Walker's petition does not identify the "falsified evidence" that purportedly was presented to the jury. Walker simply asserts that "defense counsel objected to the admission of into evidence [sic]. The jury specifically requested to view this evidence and therefore took it into consideration as part of their decision of guilt." Dkt. 1 at 10. The record reflects that the jury requested numerous pieces of evidence and testimony, including exhibits, charts, the Miranda, sheet, and police detective and other witness testimony. See Dkt. 9-3 at 693. Yet Walker fails to identify which item(s) of evidence was allegedly falsified, and thus presents no basis to determine the validity of his assertion. In addition, Walker's petition fails to show how appellate counsel could have shown from the record on appeal that any such evidence was falsified, or how his claim of the falsified evidence, even if proved, would have affected the outcome of his appeal.
Accordingly, Walker's claim regarding the ineffectiveness of his appellate counsel is denied.
For the reasons set forth above, the petition for a writ of habeas corpus pursuant to 28 U.S.C. § 2254 is dismissed as untimely under 28 U.S.C. § 2244(d)(1). Even were the petition not time-barred, the claims Walker asserts are either procedurally barred, without merit, or both.

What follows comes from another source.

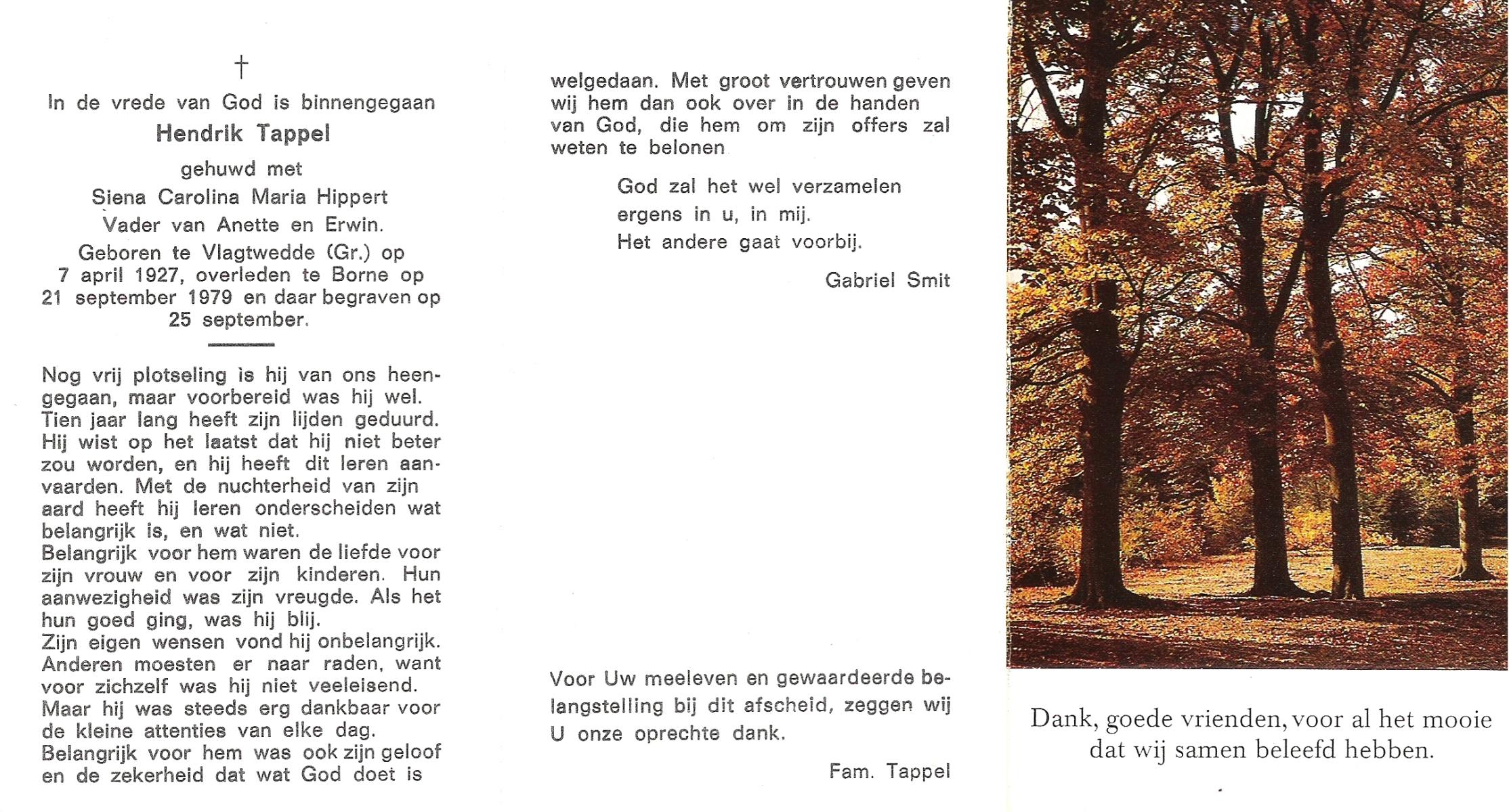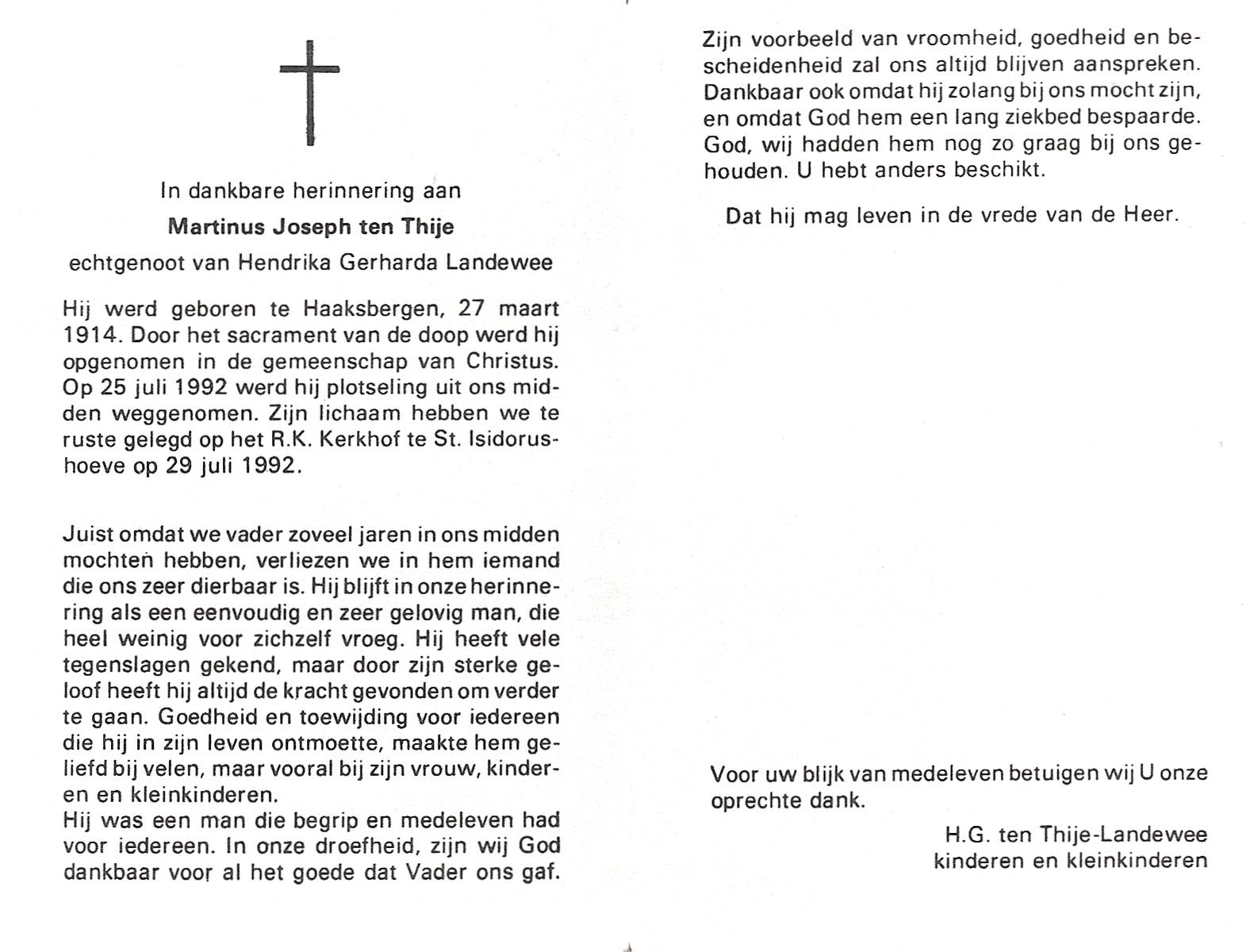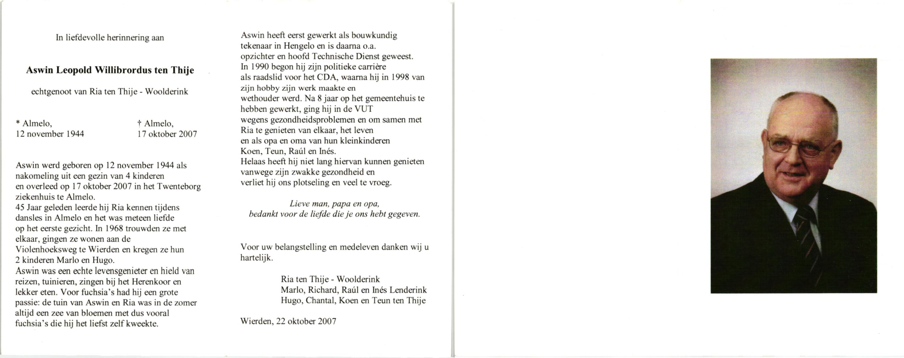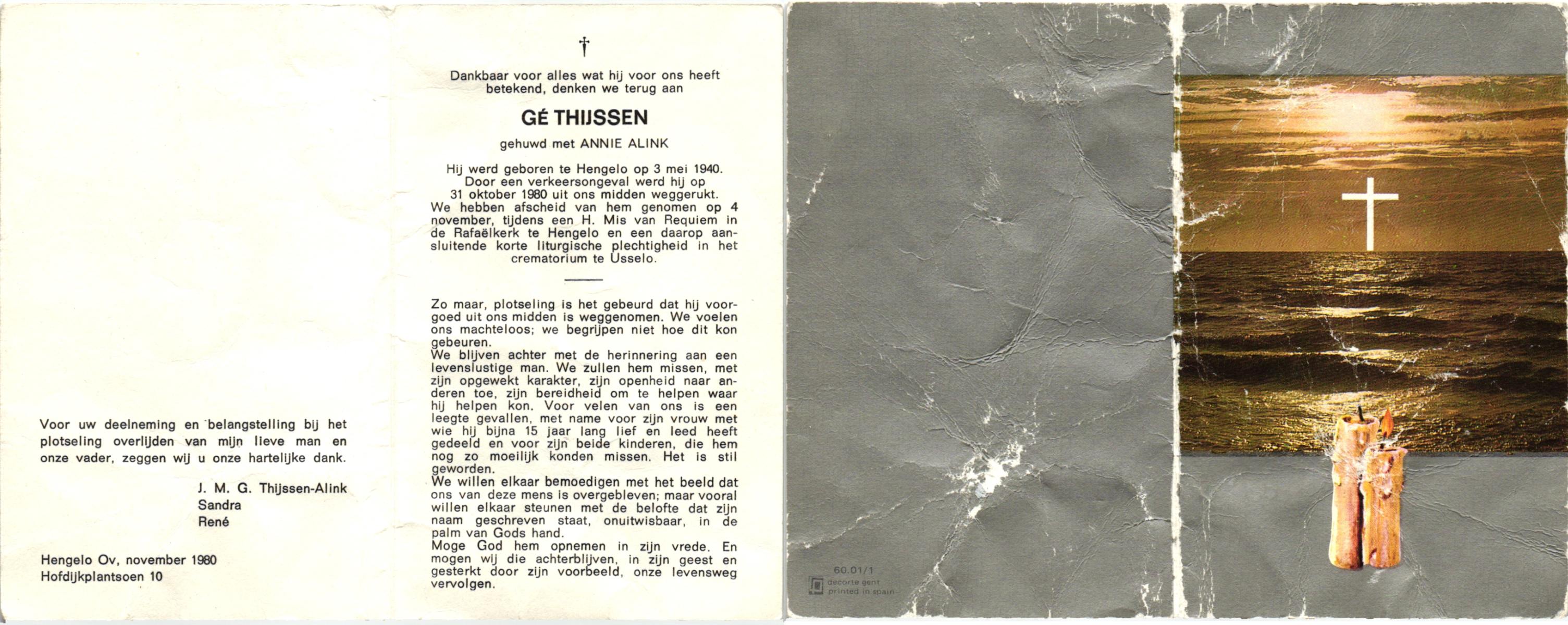 TIJE, ten, Hendrikus Gerhardus, geboren op 15-5-1923 te Enschede, overleden op 19-12-1989 te Enschede op 66-jarige leeftijd, gecremeerd op 22-12-1989 te Usselo.

Walker is denied a certificate of appealability, as he has failed to make a "substantial showing of the denial of a constitutional right." 28 U.S.C. § 2253(c)(2); see Middleton v. Att'ys Gen., 396 F.3d 207, 209 (2d Cir.2005) (petitioner has not shown that "reasonable jurists could debate whether ... the petition should have been resolved in a different manner or that the issues presented were adequate to deserve encouragement to proceed further"). Additionally, the Court certifies pursuant to 28 U.S.C. § 1915(a)(3) that any appeal from this Order would not be taken in good faith, and, therefore, in forma pauperis status is denied for purpose of an appeal. Coppedge v. United States, 369 U.S. 438, 444-45, 82 S.Ct. 917, 8 L.Ed.2d 21 (1962).
SO ORDERED.
Due to this lack of clarity, it is impossible to conclusively determine whether the statement was suppressed on federal grounds, such as Miranda, which would permit the Court to review the claim on the merits were the claim not otherwise procedurally barred, or some other adequate and independent state ground, which would bar the Court's review. See Coleman v. Thompson, 501 U.S. 722, 729-33, 111 S.Ct. 2546, 115 L.Ed.2d 640 (1991); Richardson v. Greene, 497 F.3d 212, 218 (2d Cir.2007). However, based on the trial court's ruling, see Dkt. 6 at 14, in which it refers to the inconsistent testimony of the two detective-witnesses regarding the oral statement, it appears the trial court suppressed the evidence based on the unreliability of the statement itself, and not on the basis that it was involuntarily obtained in violation of Miranda.